高齢により免疫力が低下すると、歯周病菌がより増殖し、歯周病はどんどん進行します。
歯周病が原因で全身状態が悪化し、病院に連れて行く時には麻酔をかけられない状態にまでなっているということもあります。
麻酔事故を極度に恐れて、肝心の症状を悪化させてしまっては元も子もありません。
歯周病菌に対する抗生剤を使ってみる
高齢でも全身状態に問題なければ麻酔は大丈夫とは言ったものの、やはり麻酔をかけるのは避けたい、という飼い主さんもいます。
麻酔下での歯石除去を選択しない場合、抗生剤を使うことがあります。
歯周病の犬ではPorphyromonas gulae(ポルフィロモナス グラエ)という細菌が多く検出されます。
ポルフィロモナスは歯の表面に付着し、歯周ポケットから奥へどんどん進みます。
歯周ポケットの奥は空気の少ない場所なので、嫌気性菌(空気があると増殖できない細菌)であるポルフィロモナスはさらに増殖します。
クリンダマイシンは抗生剤の1つですが、ポルフィロモナスなどの嫌気性菌に効果がある薬です。

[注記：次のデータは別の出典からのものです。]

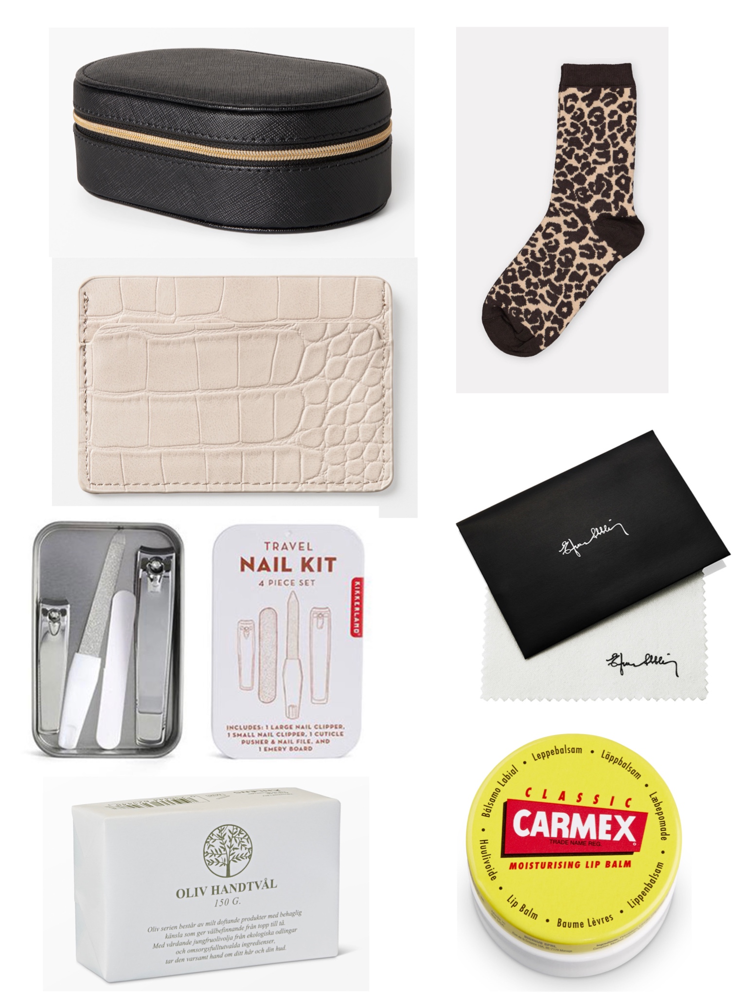 Smyckesskrin HÄR // Strumpor HÄR // Korthållare HÄR // Polerduk HÄR // Nagelkit HÄR // Läppbalsam HÄR // Handtvål HÄR
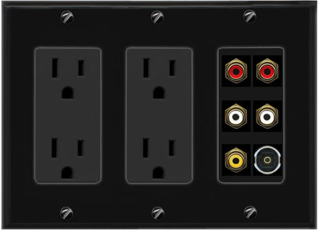 RiteAV 5 RCA (2 Red, 2 White, 1 Yellow) Toslink Wall Plate - 3 Gang 2 Outlet [Black/Black]
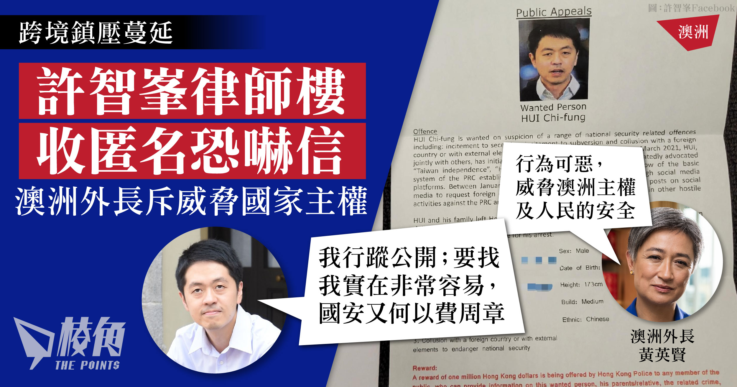 陸續有被港府國安處懸紅通緝的海外港人受跨境鎮壓威脅。前立法院議員,現居澳洲的執業律師許智峯周二(25日)在社交媒體上載一封其律師樓收到的一封匿名信,信中訛稱許智峯有300萬澳元「犯罪得益」,鼓勵收信人舉報或將自己「交給」香港或澳洲聯邦警察以獲得懸紅獎金。澳洲外長黃英賢(Penny Wong)回應傳媒,形容行為「可惡」(reprehensible),同時威脅澳洲主權及人民的安全。
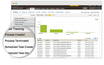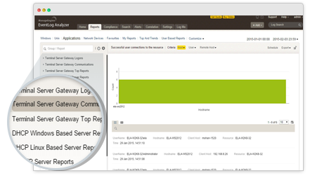 Protéjase de las amenazas de seguridad y el acceso no autorizado a datos críticos en su servidor auditando las actividades del servidor con los informes de EventLog Analyzer. La solución le ayuda a monitorear y auditar las actividades que se producen en el servidor de terminales y en los servidores DHCP de Windows/Linux, en los servidores FTP IIS, IIS y en los servidores web de Apache.
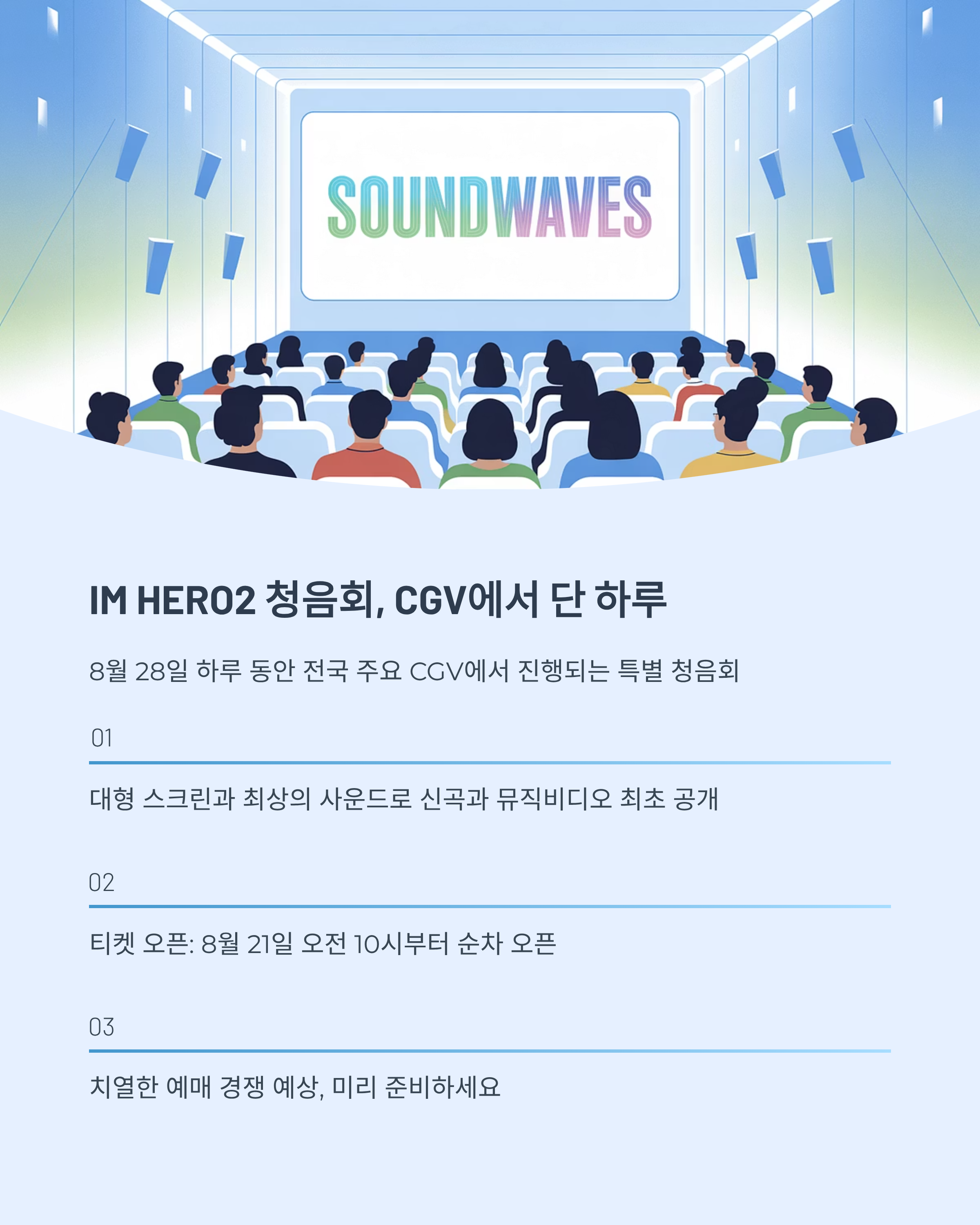 | IM HERO2 청음회 | 신곡·뮤비 최초 공개 | 8월 28일 | 전국 CGV |
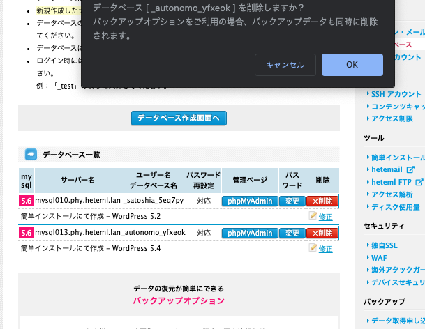 ただし、Wordpressの主にブログ記事などを保持するデータベースは別途削除が必要です。
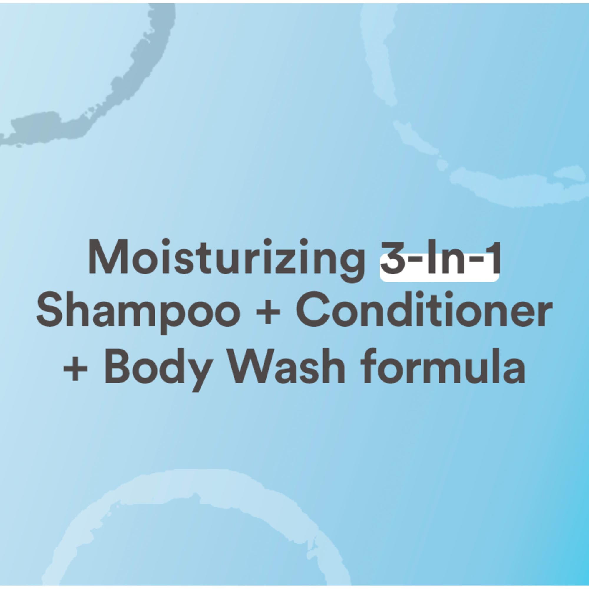 - Shampoo, conditioner and body wash that provides a gentle, head-to-toe clean

クリンダマイシンの投与によって、口臭や歯肉からの出血、腫れ、痛みの緩和が期待できます。
あくまでも症状の緩和という目的で使います。
「症状を引き起こしている根本の原因をなくす」ことも重要ですが、高齢犬の場合は「症状とうまく付き合っていく、症状を緩和させる」ことも重要なのではないかと思っています。
まとめ:歯石除去は麻酔下でやるべき!高齢だから麻酔をかけられないということはない
犬の歯周病はとても多い病気です。
歯垢が歯石になってしまうと、歯磨きではなく、麻酔下での歯石除去が必要となります。
麻酔下で歯石を取ることを躊躇する飼い主さんもいますが、最近の麻酔薬や麻酔機器は非常に安全なものになっています。
犬の麻酔関連死亡率は決して高くないことも事実です。
麻酔を過度に怖がって歯周病を悪化させてしまうことでQOLの低下や寿命の短縮につながってしまうことになりかねないので、かかりつけの獣医師とじっくり相談してみてはどうでしょうか。
参考文献
Brodbelt DC, Blissitt KJ, Hammond RA, et al. The risk of death: the confidential enquiry into perioperative small animal fatalities. Vet Anaesth Analg 2008;35:365-373.